Au sein de sa famille, il est pressé de tout voir, de tout comprendre et de tout vivre. C’est pour le lecteur une façon d’appréhender les us et coutumes de ce pays.
« Treize ans est l’âge fixé par Dieu lui-même, des forces supérieures se conjugueront à la seconde dite et me feront changer d’état. Alors j’entrerai dans le monde de Rocco, libéré de toute tutelle, responsable de mes actes, comptant dans le miniane et la prière des morts, sexuellement puissant, faisant partie de la tribu, libre de la quitter enfin. »
Sa mère enceinte à 20 ans a finalement été épousée par le père, joueur de poker invétéré, qui n’a rien changé à ses habitudes et qui est recherché pour dettes de jeu et met sa famille en danger. Mais le couple restera ensemble. L’oncle Victor est un pilier, c’est lui qui met la famille à l’abri quand les évènements sont menaçants.
Rocco le copain plus âgé, sorte de petit voyou, va faire des études de lettres et quittera le quartier juif pour vivre au milieu des musulmans.
Fouad autre figure de la jeunesse deviendra avocat.
Youssef fera des études à Paris et fera des aller-retour régulièrement entre Paris et Beyrouth.
« La guerre a changé les choses du tout au tout ... Et tout devient vrai : ce n’est pas une guerre parmi d’autres, vite venue vite passée, mais un évènement historique majeur capable de déclencher l’exode de toute une communauté — jusqu’à atteindre les êtres les plus rétifs au changement . »
C’est un livre très réaliste, d’une densité qui peut décourager et qui aurait mérité une trilogie.
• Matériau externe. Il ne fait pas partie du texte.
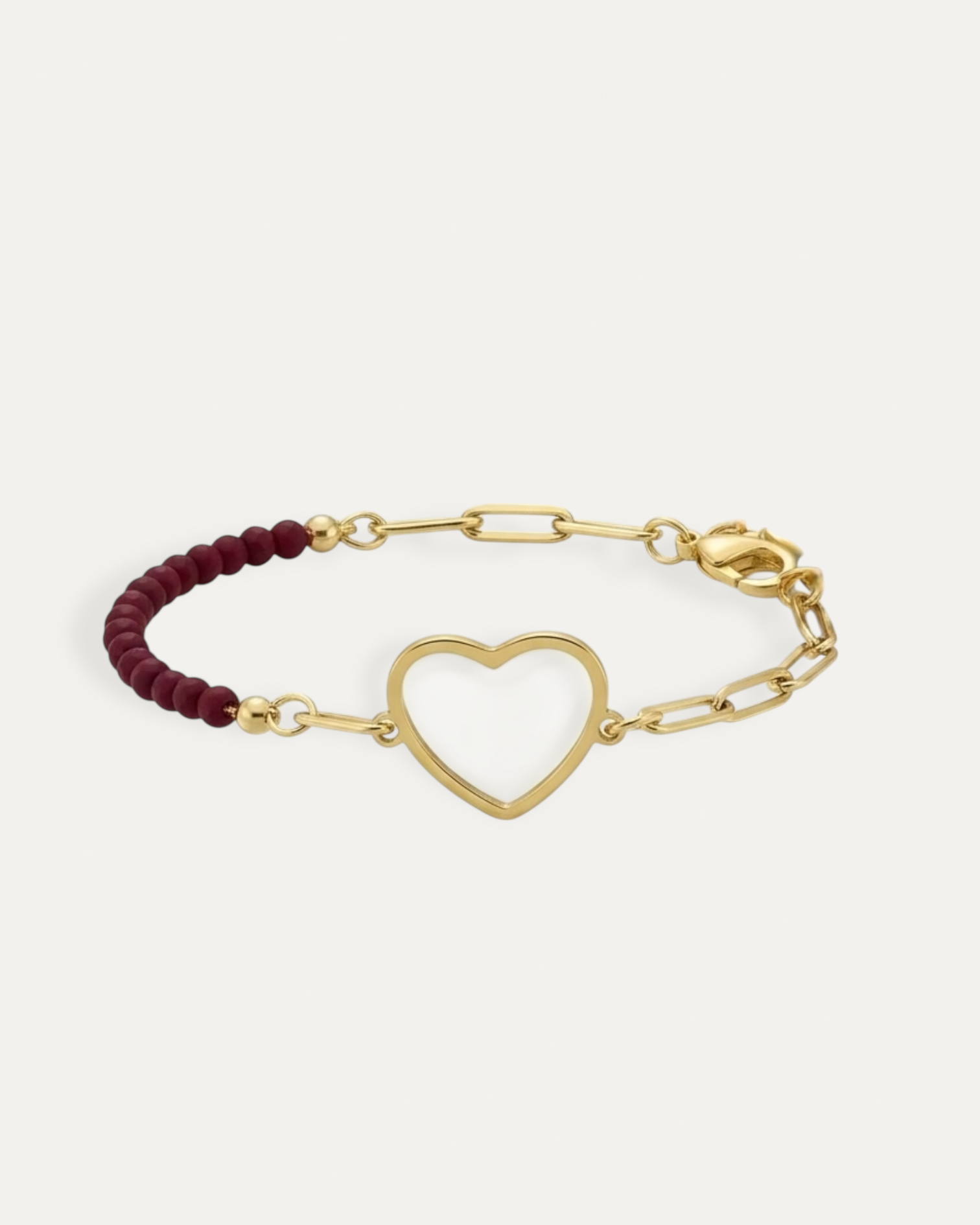 A nice bracelet in beautiful faceted glass beads combined with gold-plated chain. In the middle, it has a golden heart.

La narration est puissante, l’écriture rythmée et le lecteur ressent bien la nécessité de témoigner sur ce Liban qui est toujours en effervescence et dans l’actualité.
Je trouve que la forme du roman fait perdurer ce passage de témoin et comme l’écrit l’auteur :
« Beyrouth te suivra jusqu’à ton dernier souffle, où que tu sois, c’est elle qui te fermera les yeux. »
Lu dans le cadre du Prix du Roman FNAC 2022 et toujours en lice.